Не раз, однако, Фудель благодарно вспоминал, с какой любовью и знанием дела открывал ему Дурылин смысл древней русской иконы, как водил своих друзей в Кремль показывать фрески Благовещенского собора. Были они и в Лавре, чтобы видеть освобожденную от золотой ризы и позднейших записей рублевскую «Троицу»: горели золотые лампады и светилась икона немерцающим светом. Дурылин сказал тогда, что испытывает «почти страх». Они одинаково чувствовали, что «икона — это видение святости, видение святого тела тех, кто озарен до конца благодатью. Лицо, озаренное Невечерним светом, дается в ней не в анатомической записи тленной плоти, а в молитвенном прозрении его еще непостижимой славы»[91].
Дурылин водил своих друзей на теософские собрания, в Щукинскую галерею, на свои чтения о Лермонтове. Те университеты, которые Фудель проходил под влиянием Дурылина, он позже определял как познание Церкви через единый путь русской религиозной мысли. Дурылин открывал своему младшему другу и мир русской культуры. Именно он впервые повез Фуделя в Абрамцево, чтобы вместе погрузиться в теплый воздух «аксаковского гнезда». Тогда это был еще не музей, а большой дом, полный личной жизни живущих в нем обитателей — Фудель запомнил уже совсем старого Савву Ивановича Мамонтова, сидящего за чаем на террасе. «Я впервые попал в этот мир уходящей эпохи и полюбил его навсегда. Я ходил по дому и буквально нюхал необъяснимо милый мне запах какого‑то навсегда теряемого покоя»[92].

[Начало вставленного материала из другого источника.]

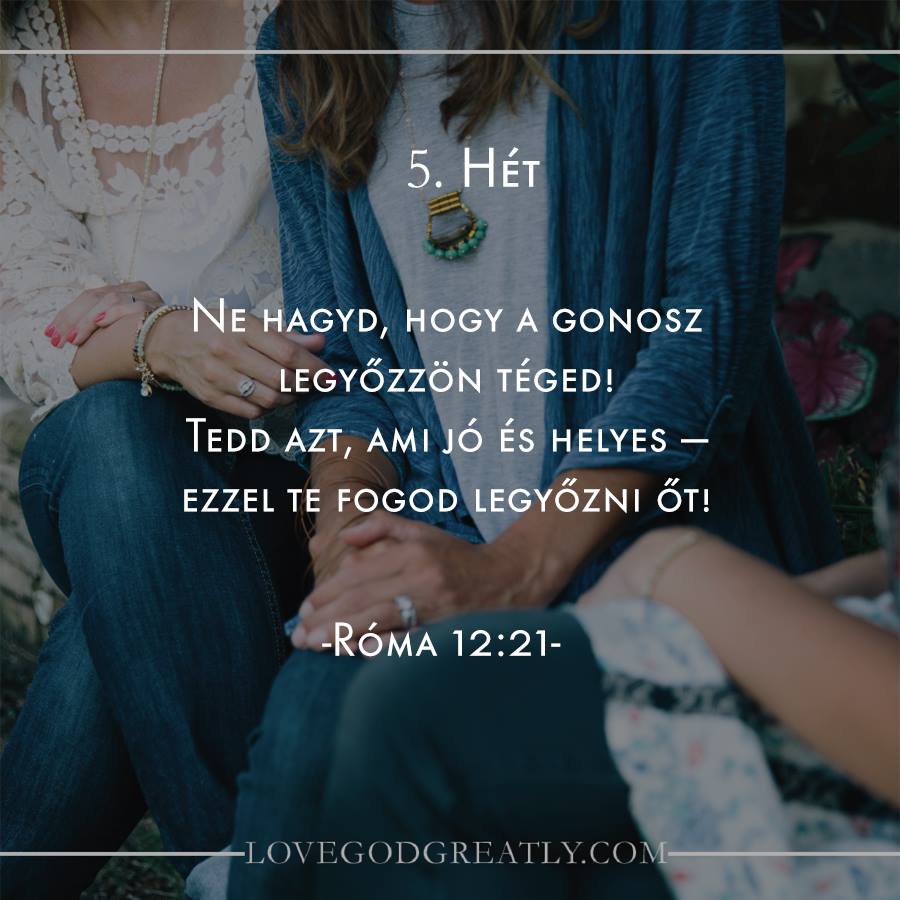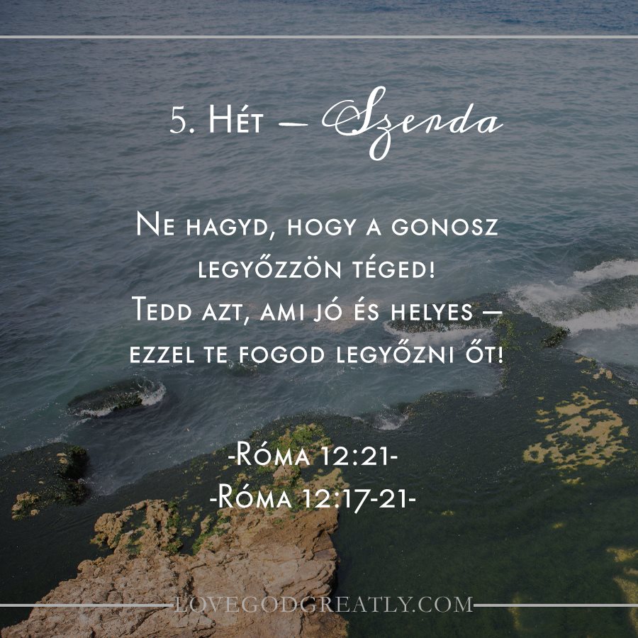 Olvasd el!: Róma 12:17-21 IMÁK: Róma 12:21 A keresztényeket arra hívta el Isten, hogy elől járjanak minden dologban ami jó, és helyes az Ő szemében. Úgy különböztetjük meg magunkat, ahogyan másokkal bánunk, és ahogyan szeretjük őket: ez különösen igaz az ellenségeinkre. Akármilyen nehéz is így tenni, bíznunk kell benne, hogy a mi igazságos Istenünk […]
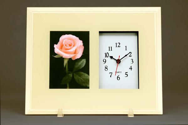 シンプルなデザインと、どんなインテリアにも馴染むナチュラルカラーのガラスフォトフレームです。見やすい大きな時計が印象的です。
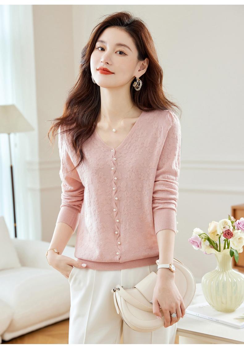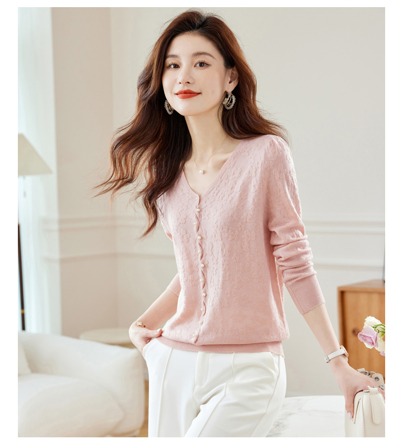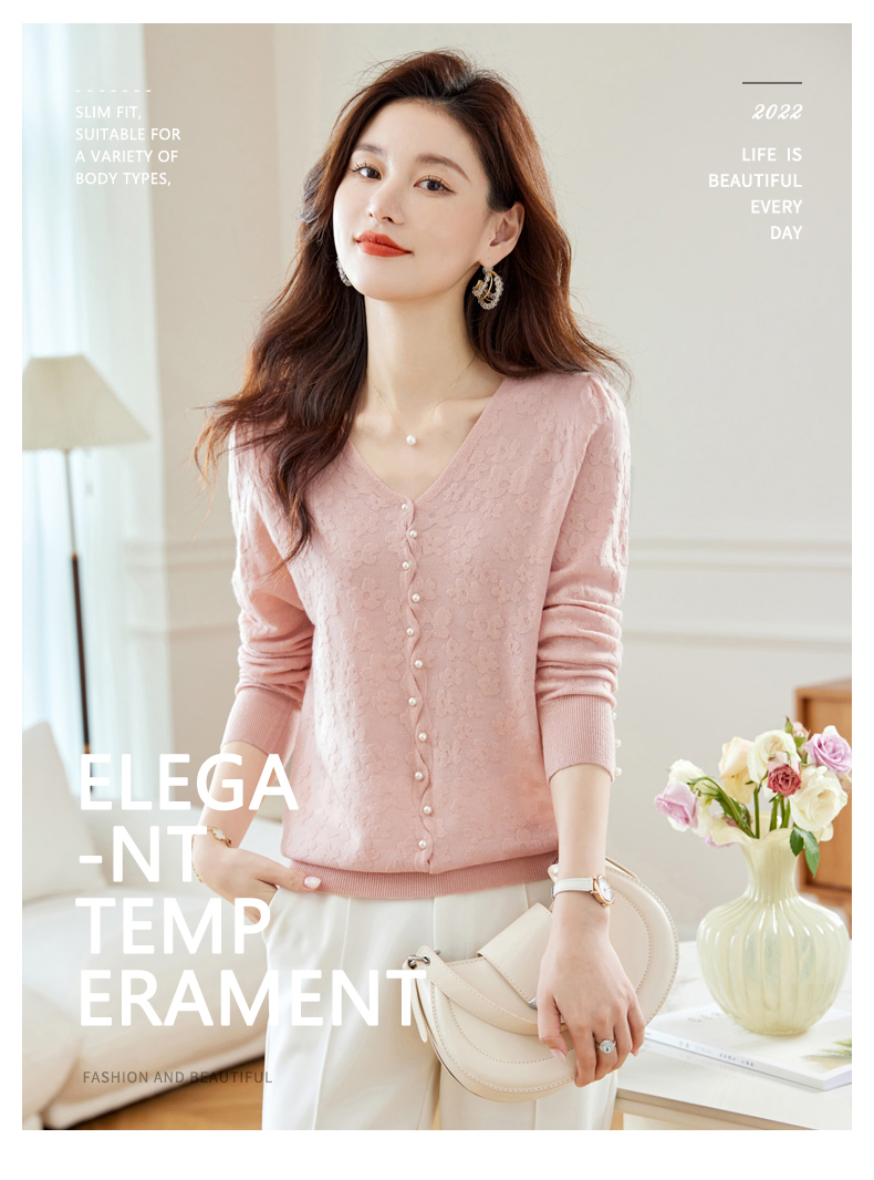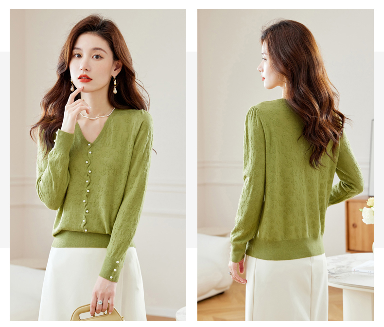 CC-16-2325早秋v领长袖t恤女装秋季2023新款短款打底衫春秋薄款内搭针织上衣
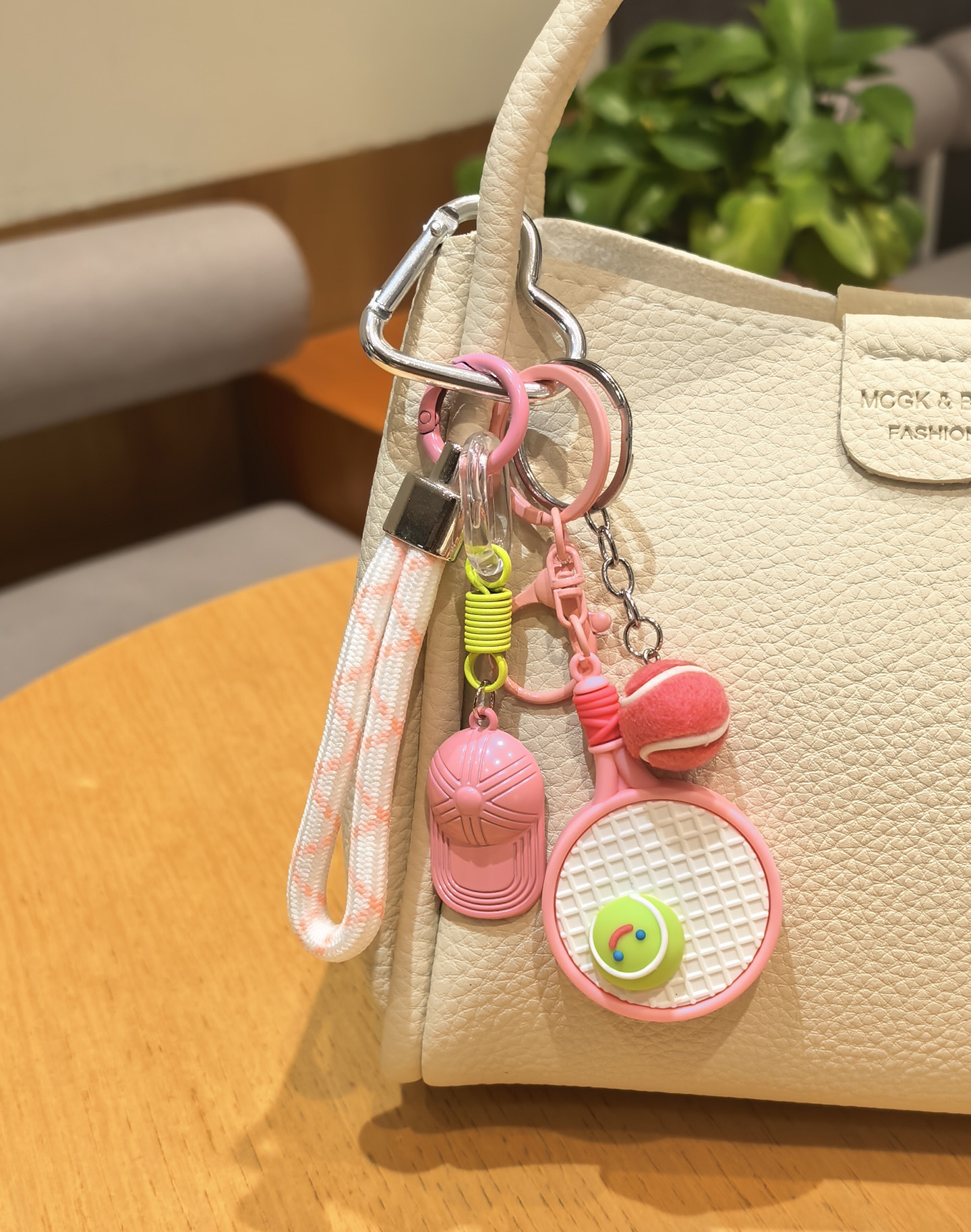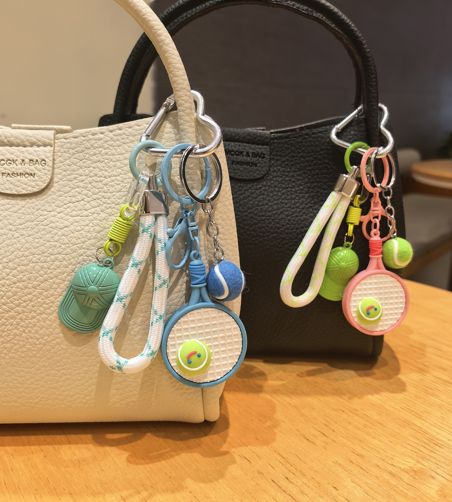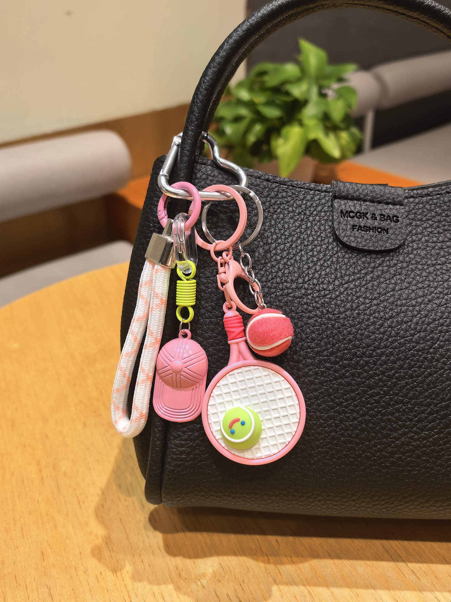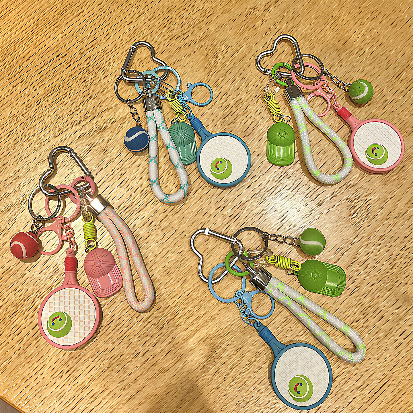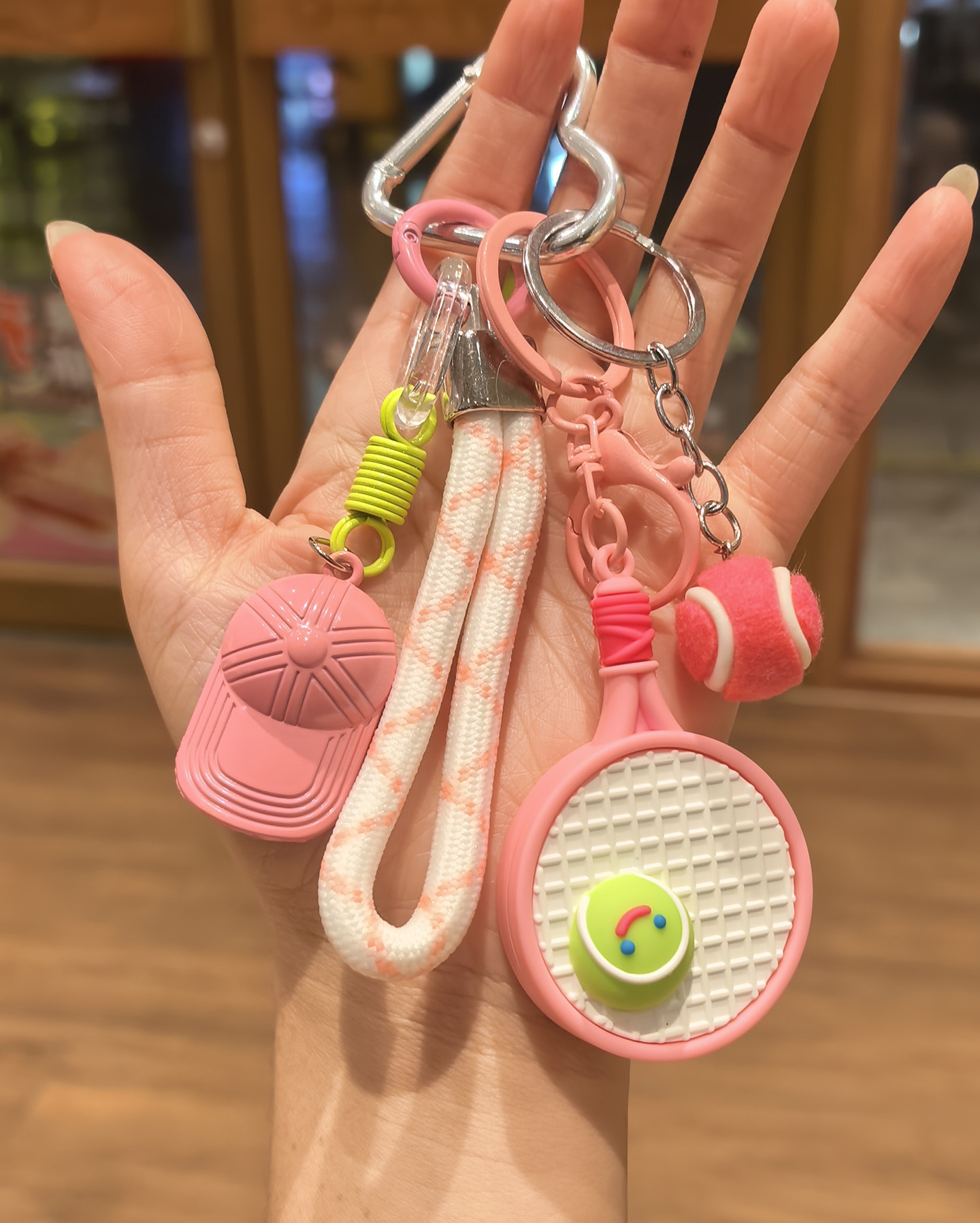 pink racket + green tennis + green cap [sports style tennis rackets keychain pendant

Радовался С. И. Фудель и тому сердечному доверию, которое почти сразу установилось между С. Н. Дурылиным и отцом Иосифом. Любовь Дурылина к отцу Иосифу имела веские причины — он видел в нем духовного отца, который сочетал подлинную религиозную жизнь с русской культурой XIX века. Через отца Иосифа Дурылин прикоснулся к Оптиной пустыни отца Амвросия, а значит — и к Оптиной Достоевского и Толстого.
В работе «У стен Церкви» сказано несколько выразительных слов о феномене непродолжительного священства С. Н. Дурылина. Он служил на Маросейке, у знаменитого московского пастыря отца Алексия Мечёва (f 1923)[93], куда любил приходить и С. И. Фудель. «В Сергее Николаевиче была большая личная любовь к Христу, именно та личная любовь, которая светит нам в жизни и в писаниях святых отцов и о которой так вовремя и так хорошо напомнил Достоевский»[94]. Но, несмотря на уже принятое священство, вопреки отцу Алексию, который не благословлял Дурылина на священнический путь, тот отошел в конце концов от Церкви.
И Фудель точно понял причину такого шага:
С. Н. Дурылин не выдержал испытания. Ни от веры, ни от Церкви он не отрекся; он просто не мог преодолеть раздвоенности души, той самой немощи веры, боящейся идти до конца, то и дело оглядывающейся назад. Фудель, глядя и на свой собственный опыт, честно писал: «И Сергей Николаевич, и я, и многие из моих современников оказались не готовыми к тому страшному часу истории, в который она тогда нас застала и в который Бог ждал от нас, чтобы мы возлюбили Его больше своего искусства, своего страха, своей лени и своих страстей. Тогда решались какие‑то судьбы, определялись какие‑то сроки, и можно ли было особенно тогда путать Евангелие с другими книгами?»[96] Их разделили годы одиночества на разных путях, хотя путь неволи начался одновременно: Дурылин был арестован тоже в 1922–м, отбывал ссылку в разных местах, в ссылке же отказался от дальнейшего служения и, судя по его последующим писаниям, отдалился от Церкви[97].